Is the cat dead or alive, or both? This evergreen question might finally have an answer, thanks to scientists at Freie Universität, Berlin.
If you’re a fan of The Big Bang Theory and have those ‘nerdy’ tendencies like Sheldon, chances are you would have heard of the famous ‘Schrödinger’s Cat Experiment’. The experiment was born out of a need to explain the Wave Equation proposed by Erwin Schrödinger as a grouping of the Copenhagen Interpretation. After years of uncertainty, scientists seemed to have cracked the Schrödinger Equation, thanks to AI.
The Cat Dilemma
So, who is Schrödinger’s Cat? Shady, the Cat, was Erwin’s animal companion. One fine day, Schrödinger conversed with Albert Einstein about the Copenhagen Interpretation’s inconsistencies for quantum mechanics, quantum chemistry to be precise. He created an imaginary experiment to demonstrate how quantum theory can be misinterpreted, and a minor deviation can lead to absurd results.
When Schrödinger postulated his Equation, scientists believed that only conscious observers (constant observation) could achieve single state quantum particles. What this means is that a quantum particle collapses to a single state when monitored by an entity. To disprove this, Schrödinger hypothetically placed a cat in a closed box with a radioactive substance. The substance triggers a Geiger counter (an instrument used to measure ionizing radiation), releasing a vial of poison with an explosion, thus killing the cat in the box.
Quantum mechanics governs the radioactive decay of that substance. So, the substance (in this case, its atoms) is decaying and not decaying at the same time. If the conscious observer theory is applied, there can be no decay since the box is sealed. Hence, the cat is technically both dead and alive at the same time. This cannot happen in real life and thus, shows that wavefunction collapse is not just a result of conscious observers.
The Schrödinger Equation
Why is this Equation significant, other than to understand Sheldon Cooper’s rant? You see, predicting every molecule’s physical and chemical properties based on the position and arrangement of their atoms in space forms the basis of quantum chemistry. Schrödinger’s Equation is just one, but the most efficient way of determining this. In theory, that is, as it is complicated in practice.
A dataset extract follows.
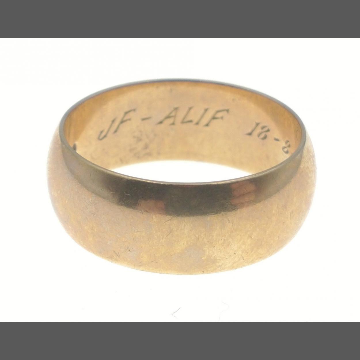 A 375 stamped gents 9ct gold wedding band / ring with internal 1967 inscription. Size Q, weight 6g approx.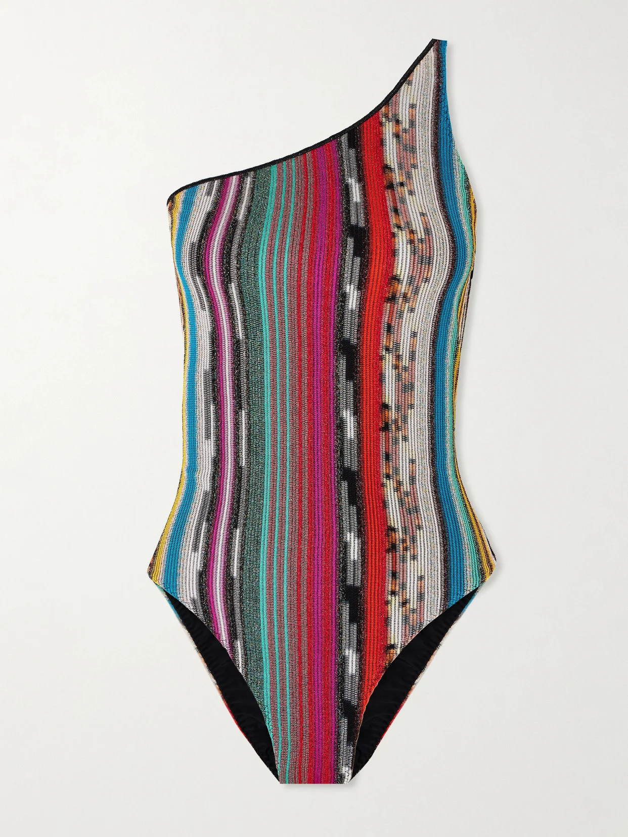 The joy and freedom of vacations underscore Missoni Mare's collection. This swimsuit has been crochet-knitted in Italy and flecked with metallic fibers that glisten in the light and highlight the signature striped pattern. The one-shoulder neckline and high legs emphasize your natural shape.

Schrödinger Equation is a wavefunction. A wave function describes an electron’s behavior in a molecule. And since the wavefunction consists of multiple dimensions, it is near impossible to calculate all instances of a single electron’s behaviour, individually and with each other. Quantum chemistry in its current state fails to explain the wave function, only approximating the energy instead.
Quantum Physicists were limited to just a handful of accurate calculations involving only a few atoms, given the complex mathematics at play. Thanks to deep learning methods and AI, this is soon about to change.
So, What’s the Solution?
Back to the topic at hand, scientists at Freie Universität, Berlin, have synthesised a method to calculate Schrödinger’s Equation’s ground state accurately. Researchers have created a neural network using AI to map and plot each instance of the function at any given instant. Here is what the key designer of the project had to say:
Instead of using the wave function for each calculation, the task is handed over to the AI, who spends some time learning the electron patterns and their relative positions around the nuclei. Electronic wave functions have a unique feature known as anti-symmetry. Wavefunctions flip their signs when electrons are swapped. People would be aware of this without realising, as this is Pauli’s Exclusion Principle, taught to all of us in high school! This is also why the method has been dubbed ‘PauliNet’.
Scientists admit that the neural network is still primitive and will take some time to reach the industrial standards, paving the way for extensive research on molecular and material sciences.
The research is still in its nascent stages. Always, it will be a substantial boost in enabling quantum mechanics usage for a host of applications, including, but not limited to, space materials, dark matter, and invisible radiation. All we can do now is wait and watch.